Electromagnetic induction (EMI) sensors provide non-invasive and non-destructive
measurements of the soil apparent electrical conductivity (ECa), which depends under
non-saline conditions on clay content, water content or SOC, among other properties that
determine the electromagnetic behavior of the soil. This study deals with the possible use of
ECa-derived maps to improve SOC spatial estimation by Simple Kriging with varying local
means (SKlm).
Field work was carried out in a vertisol in SW Spain. The field is part of a long-term tillage
experiment set up in 1982 with three replicates of conventional tillage (CT) and Direct
Drilling (DD) plots with unitary dimensions of 15x65m. Shallow and deep (up to 0.8m depth)
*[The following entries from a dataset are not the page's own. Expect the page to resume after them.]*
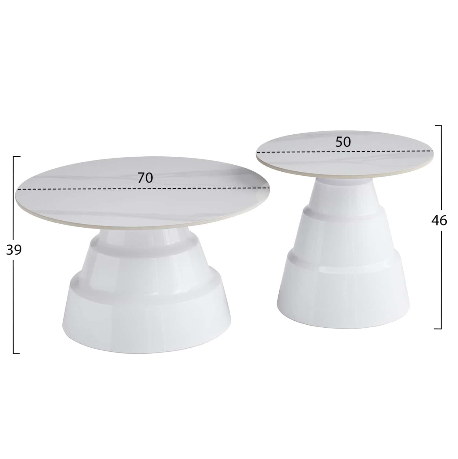 ΣΕΤ 2 ΤΡΑΠΕΖΙΑ ΣΑΛΟΝΙΟΥ FB918306.02 SINTERED STONE TOP- SNOW WHITE ΧΡΩΜΑ Φ50 & Φ70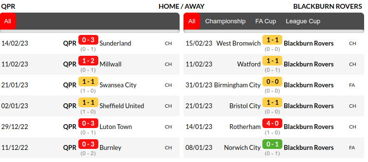 - In their last six league matches, QPR has drawn twice and lost four times, while Blackburn has won two and drawn four.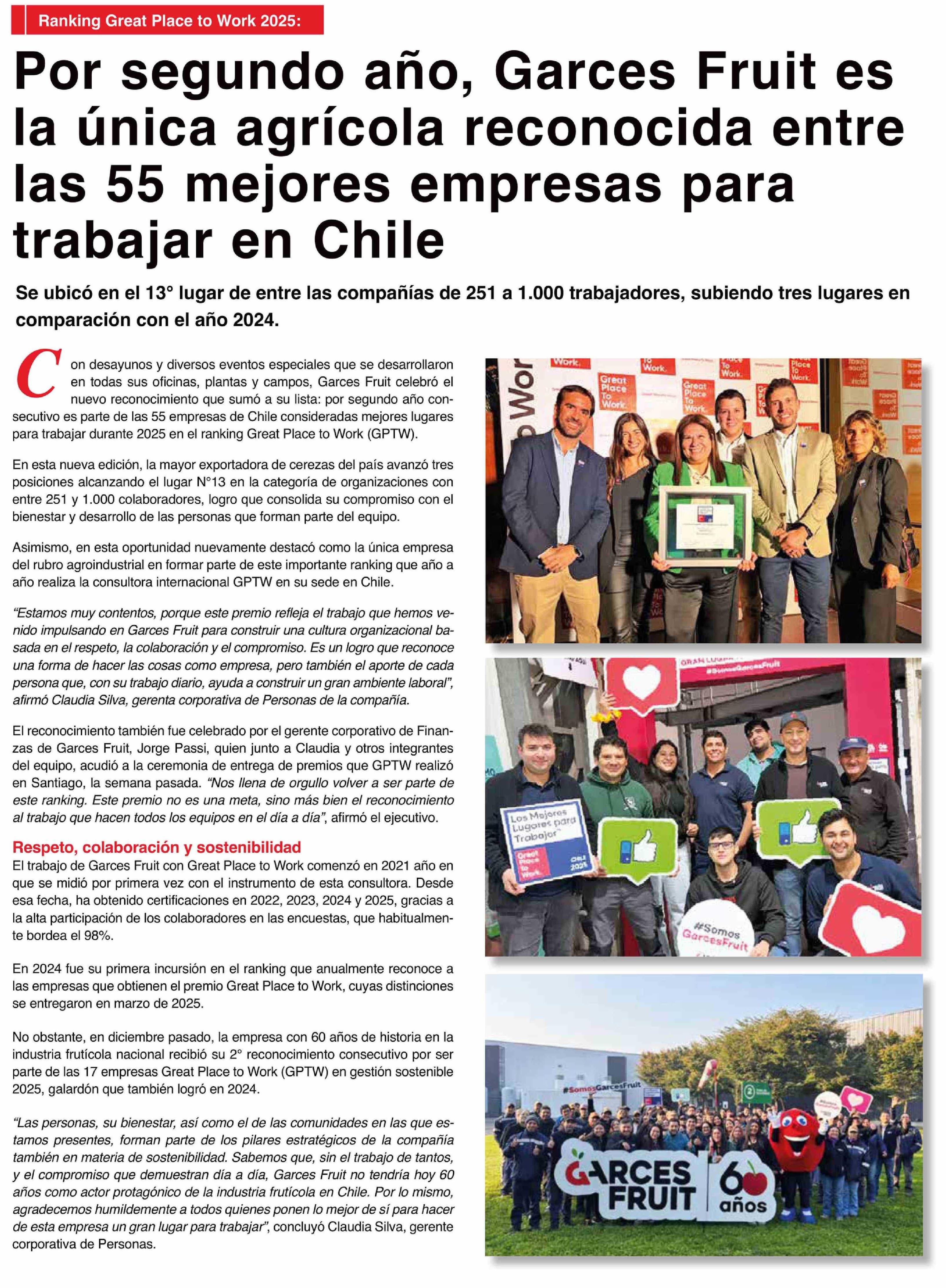 Título: Por segundo año, Garces Fruit es la única agrícola reconocida entre las 55 mejores empresas para trabajar en Chile
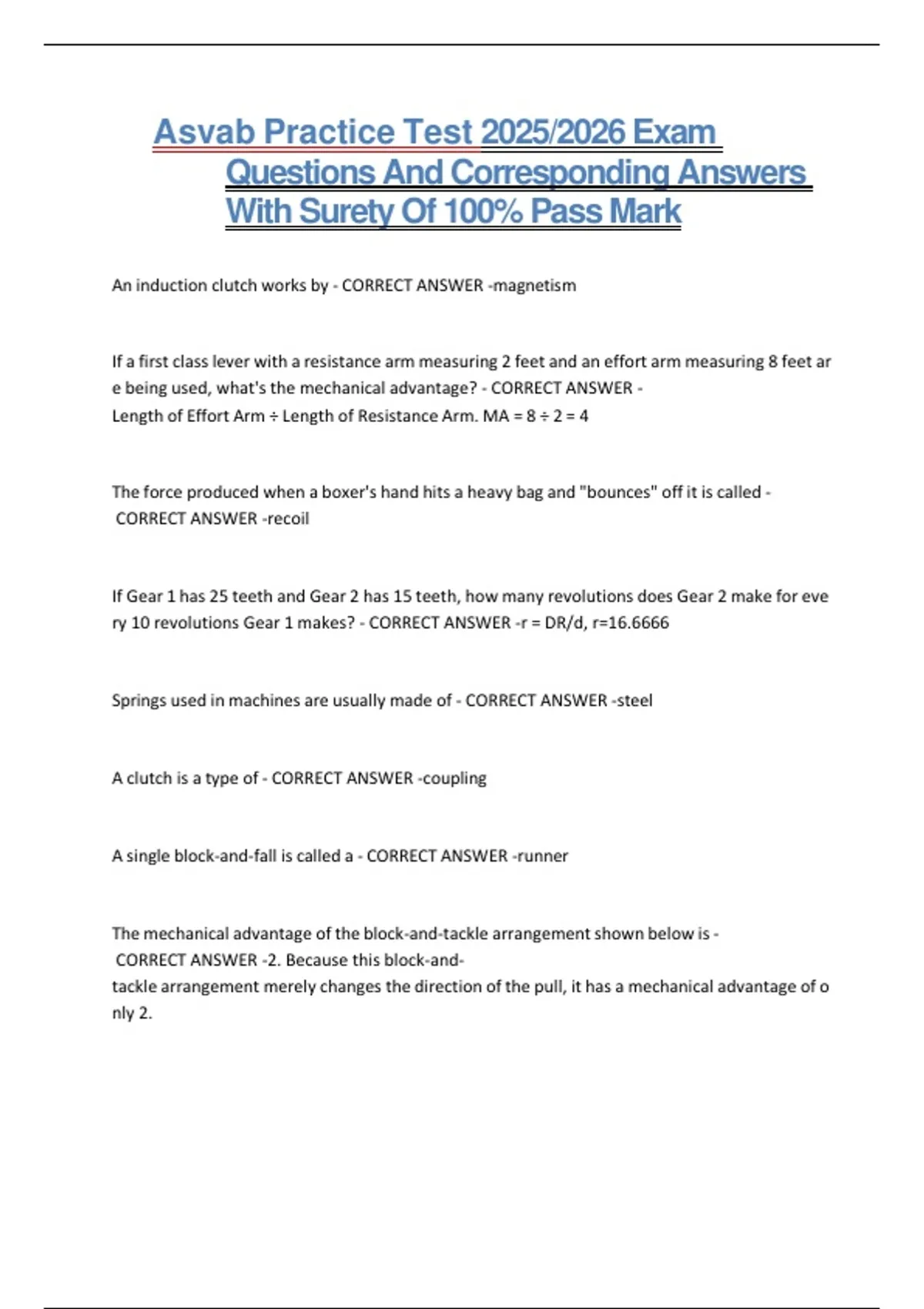 Asvab Practice Test 2025/2026 Exam Questions And Corresponding Answers With Surety Of 100% Pass Mark

apparent electrical conductivity (ECas and ECad, respectively) was measured using the
EM38-DD EMI sensor. Soil samples were taken from the upper horizont and analyzed for
their SOC content.
Correlation coefficients of ECas and ECad with SOC were low (0.331 and 0.175) due to the
small range of SOC values and possibly also to the different support of the ECa and SOC
data. Especially the ECas values were higher in the DD plots. The normalized ECa difference
(ΔECa), calculated as the difference between the normalized ECas and ECad values,
distinguished clearly the CT and DD plots, with the DD plots showing positive ΔECa values
and CT plots ΔECa negative values. The field was stratified using fuzzy k-means (FKM)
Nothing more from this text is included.